Middlebie Parish
Middlebie Parish, according to Rev. Nivison, the writer of the second Statistical Account exhibits an extremely irregular figure and is 9 miles long, and 4 1/2 broad. and contains 40 square miles. Two hundred years ago the parish contained a greater population than it does now, without having a collection of houses large enough to be called a village. Today, Eaglesfield alone has almost half of the parish's inhabitants.
The story of Eaglesfield starts not so much with a place as with a person. In the early fourteenth century one Robert de Eglesfield, probably a native of Eaglesfield in Cumbria, founded Queens College, Oxford. A female descendant married into the Smith family of landed gentry who retained Eaglesfield as a commonly used Christian name. The first Eaglesfield Smith known to have lived locally was born in 1730 and owned Langshaw House, now a nursing home, near Kirtlebridge. His son, also Eaglesfield Smith, apart from leading an eventful life and writing romantic poetry, began to feu out plots on the lands of Flosh and Longriggs sometime after 1810. This was part of the Blackethouse Estate and included over a mile of the new road connecting Springkell via Palmer's Gill Bridge to Kirtlebridge, Annan and the turnpike road from Carlisle to Glasgow.

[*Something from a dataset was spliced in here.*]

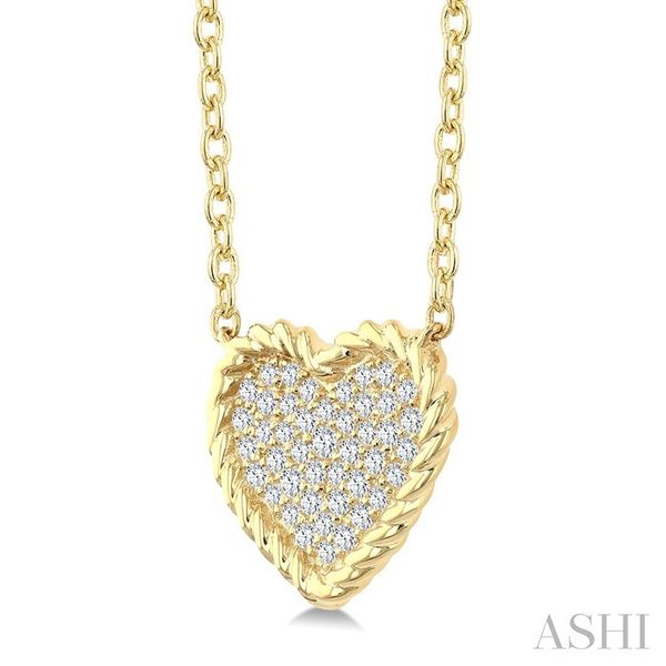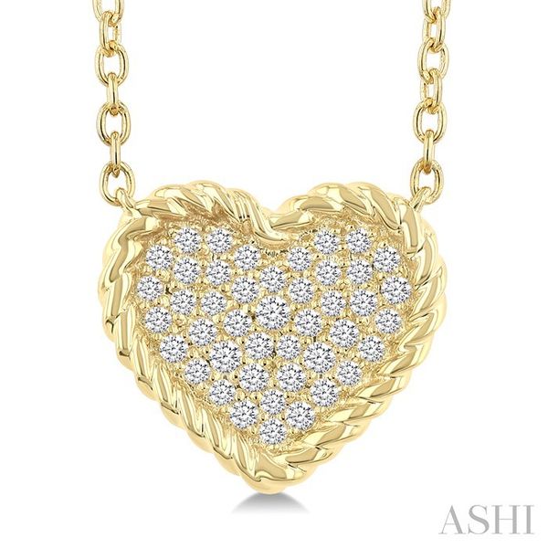 1/5 Ctw Round Cut Diamond Rope Border Heart Motif Fashion Pendant With Chain in 10K Yellow Gold Image 3 Becker's Jewelers Burlington, IA
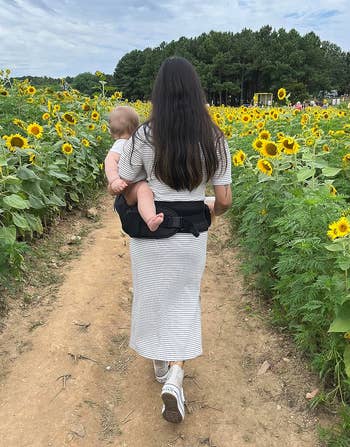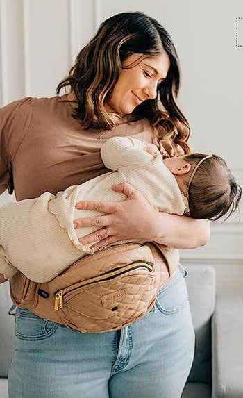 Promising review: "Seriously a lifesaver (or at the very least a lower back-saver). Took this on an international trip with my toddler and used it to carry them around any time they didn't want to be in the stroller. The pockets are so spacious — I was able to use this instead of a purse and fit a Ziplock bag with a couple of diapers, wipes, a changing mat, and a spare onesie, as well as my phone, cash, and cards. I cannot tell you how helpful it is to not have a giant diaper bag to contend with when you're trying to change your squirmy toddler in an airplane bathroom the size of a broom closet. It's not a hands-free solution (obviously), but I much prefer it over bulky traditional baby carriers with their million straps and buckles. My one caveat is that if you're a person on the thinner side, you'll probably need someone else to help you pull the strap tight enough for the carrier not to slide down. A good alternative I found was to tie a sweatshirt around my waist and then buckle the carrier on top of that." —A Moff

By 1830 the settlement had acquired its real name of Eaglesfield, but was also earning its alternative, Poverty Row. Many of the inhabitants in the 1830s and 1840s were hand loom weavers, a group of workers whose wages had plummeted with the introduction of mechanised looms. THis image was not helped by local resident Robert Smith, who in 1868 was the last person to be hanged in Dumfries. Around the end of the century, as houses were built, rebuilt and improved, the population grew and prospered and better facilities such as the new school and village hall were built. There has been some infilling and a couple of new roads, but essentially the original plan of the poet-builder of Eaglesfield is still intact.
Kirtlebridge
Kirtlebridge, given its location has always been the public face of Middlebie Parish. Travellers passing between Scotland and England on the turnpike road upgraded by Thomas Telford may have noticed the few scattered cottages and the tree-filled valley of the Kirtle. THe coming of the Caledonian Railway had a dramatic effect on the locality, the station was nearly a mile from the old Kirtle Bridge and better situated to encourage the industrial activity that marked this part of the parish. The old village altered little until the arrival of the dual carriageway and later the motorway.
Middlebie
Middlebie was never more than a few houses gathered about the Church and Manse, although with its role as a religious administrative centre for two hundred years, its connection with the famed Thomas Carlyle and William Ewart Lockhart and its situation close to the major Roman fort at Birrens, it has a significance beyond its population. Historically, there were two presbyteries in Annandale and Eskdale at Lochmaben and at Middlebie.
Waterbeck
The most remote of the four parish villages is Waterbeck. Its history partly parallels that of Eaglesfield; the Carlyle family helped to found the modern settlement at the end of the eighteenth century although they maintained a much longer and closer connection with Waterbeck than the Smiths did with Eaglesfield. The Carlyles were originally tradesmen rather than gentry and it was the employment they provided that attracted new residents. There is a story connecting the two families concerning the breeding of Dandie Dinmont terriers. George Jardine of Waterbeck became interested in the breed in the late nineteenth century, and knew that Bradshaw Smith had the best, but in a jealously guarded local mkennel. It took the intervention of George's employer, Robert Carlyle the second, to arrange for a mating between George's bitch and a Blacket House dog. Eventually another mating produced Waterbeck Watermark, an international champion and the foundation of the Jardine kennel which was still active until recent years.
Middlebie Parish is still, of course, predominantly rural. Little trade and industry takes place outwith the agricultural scene, and although many local residents may travel to work in other parishes, or even another country, they enjoy returning to their pastoral home.